At a humid pool at the University of Toronto, Kate Lyne slaps her shoulders and shakes her head with steady focus, but staying loose as she prepares for a 50-yard backstroke sprint.
It’s the 2014 Ontario Cup, the last swim meet before the Feb. 7 provincial championships, and Lyne wants to make it count. A first-year member of U of T Blues, she has contributed to a team that has placed first over-all in 11 meets this season.
The women’s team is looking for its first provincial title since 2008. Beginning Feb. 20 in their home pool, the Blues will be in pursuit of their first national title since 1997.
Despite the challenges of adjusting to university academic life and a tiring athletic schedule, the alum of Rosedale Heights School of the Arts is persevering this season, winning her events in freestyle relay.

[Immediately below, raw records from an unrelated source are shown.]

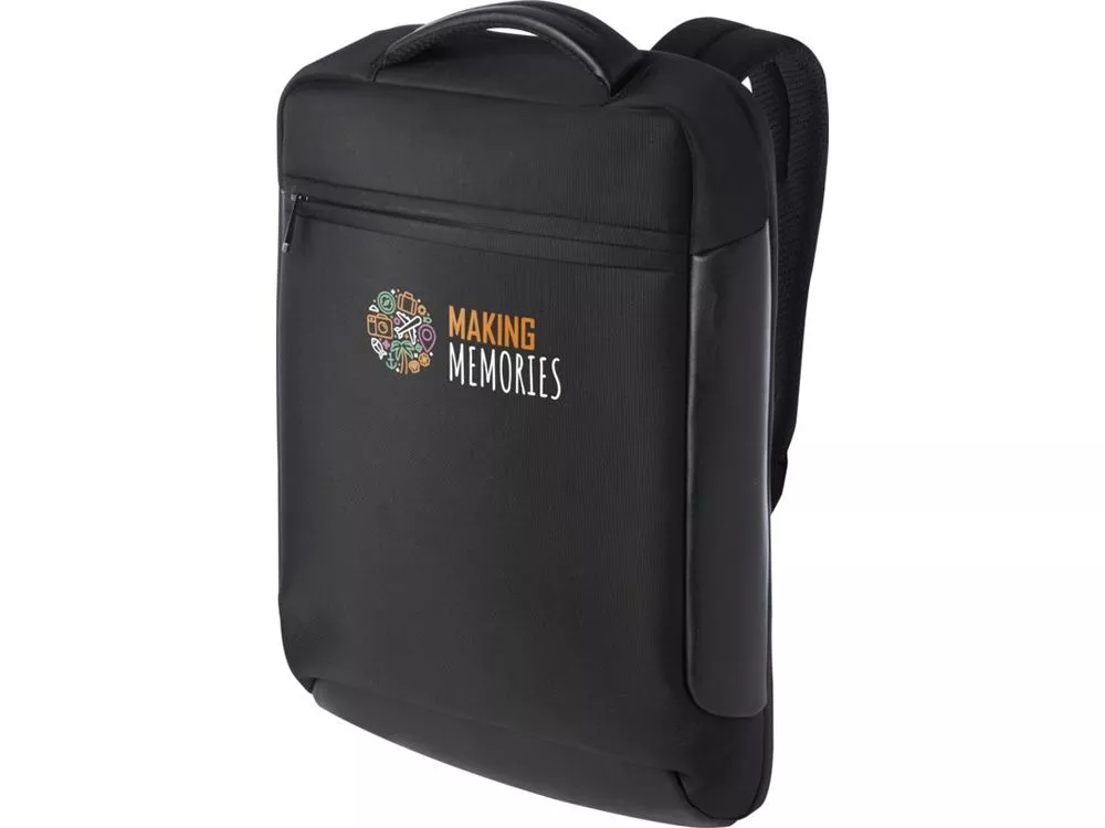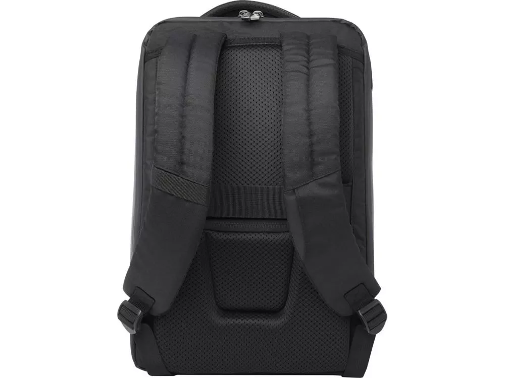 Изящный, компактный и прочный рюкзак для ноутбука Expedition Pro, сертифицированный по стандарту GRS, станет идеальным спутником для профессионалов, которые всегда в пути. Он изготовлен из водоотталкивающего переработанного PET-пластика 900D в сочетании с элементами из полиуретана премиум-класса и подкладкой из переработанного PET-пластика. Он имеет специальное отделение для ноутбука с диагональю 15,6 дюйма, отделение для планшета, несколько карманов-органайзеров, передний карман на молнии и потайной карман прямо под багажным ремнем на спине. Модель имеет мягкие регулируемые лямки, встроенный карман для карточек, петлю для солнцезащитных очков, формованную подкладку из воздушной сетки, а также мягкую ручку, обеспечивающую максимальный комфорт и удобство при переноске. Объем: 12 литр. Не содержит ПВХ. 900DGRS certified recycled polyester.
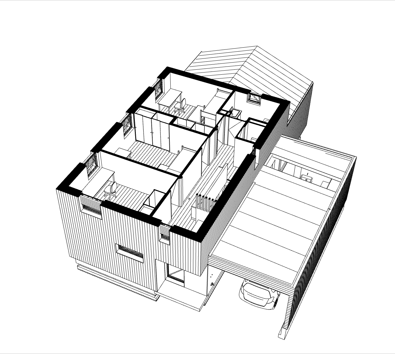 Fonctionnelle et écologique... La maison dispose de beaux volumes habitables sous les doubles rampants couverts de zinc. Au rez-de-chaussée, les pièces de vie s'ouvrent au Sud (apports solaires) et vers une terrasse en bois intégrée au jardin à l'Ouest. A l'étage, les volumes sous rampants permettent des aménagements évolutifs des chambres d'enfant. Le parti architectural met en valeur les caractéristiques du mode constructif: la dalle de béton quartzé du RdC, les panneaux de bois massif contre-collé (CLT) et le réseau de VMC en acier galvanisés sont laissés apparents.
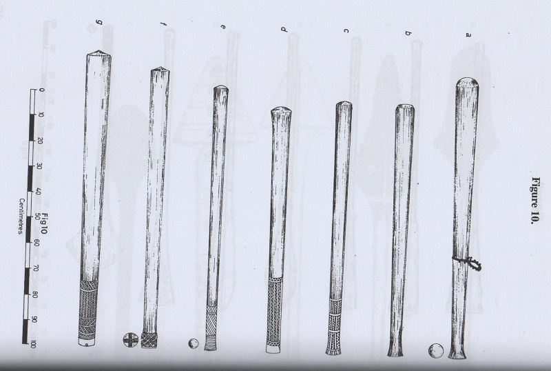 It appears that I offended someone.....not intended....regarding my comment about the short pole club perhaps being that of which is described in what some consider the (Fijian Bible) Clunie's Weapons and Warfare,as well as reading this account in other publications. Historical observations are just that,and incidentally,my brain is never turned off......and just what is religious text? Limited historic observations at best.Yes,one can imagine that the Fijians were indeed skilled warriors,with the many weapon styles,and the many horror stories that were told,which are also historical observations.The same observations,and documenting made by which most of this information is acquired,including your observation on sport,contests as entertainment tournaments, light protection and disputes within a Fijians own chiefs local.What else does one have? Of course they were proficient at making clubs to suit what ever task was required. These clubs were primarily made to dispatch your opponent quickly.They claimed to be of a cannibal class,because this was their culture,and they allegedly liked it.It was said that during the early years of Pacific Whaling,and European voyaging,Fiji,as well as the Solomon Isles were avoided,as having the potential of being a dinner guest.The Fijians were and are very superstitous,and many items were reserved for the chiefly class,which was a wide practice thought the Pacific region.Many things that were considered sacred Chiefly items were forbidden/Kapu/Taboo for commoners to posses.If found to possess such a piece...say a whale tooth.one may well have a neat little hole punched into his skull,i.e Totokia. In fact the smaller pole clubs,were allegedly a chiefly thing as well,as were Totokia,Whale Tooth Ivory,fly whisks,forks,etc... All of these things have been documented.Most documented by Missionaries attempting to change what they considered a Savage culture.One must remember that without observation,and documention,many of these cultures have disappeared,as they had no known written language,and were only able to pass the History from generation to generation,by way of song,chant,or verbal stories that often get lost,or diluted over time.often with the aggressive tactics of the Missionaries.And of course the knowledge/observations of foreign writings,and journals that were kept by those making these keen observations,are what remains,aside from stories.Take a good look at what happened in Hawaii,just to mention another very Westernized affected culture.I reside in the Pacific region,and have several Fijian friends,that know very little about Fiji,their culture,and the past,and of others that have a great bit of knowledge of the past.Many were taught to repress the past history,cannibal history,along with the brutality,that was pervasive in the Pacific Region,and headhunting,and cannibalism is not only reserved to the Pacific Region.Remember they loved having guests,for dinner!!! It was not uncommon for the wife/wives of a recent deceased Chief,to be killed,so they could follow him into the afterlife.Sorry if you were put off by the comment...not intended.I like the staffs also,and very,very familiar with martial arts/stick fighting.All the Best

Despite being the newcomer from down the street and finding herself among the best swimmers in the country, her 21 teammates have been more welcoming than intimidating.
“A lot of the times I’ve struggled a little because of adjusting, but after training camp I think we’re going,” Lyne said between events at the Ontario Cup in late January. “As a team, as a whole, we’re very strong into OUAs and CIS.”
A natural sprinter, Lyne began swimming competitively in Grade 9, specializing in short distance freestyle and backstroke events.
She was recruited by U of T coach Byron McDonald, who coached her mother, Mary, from 1982 to 1986.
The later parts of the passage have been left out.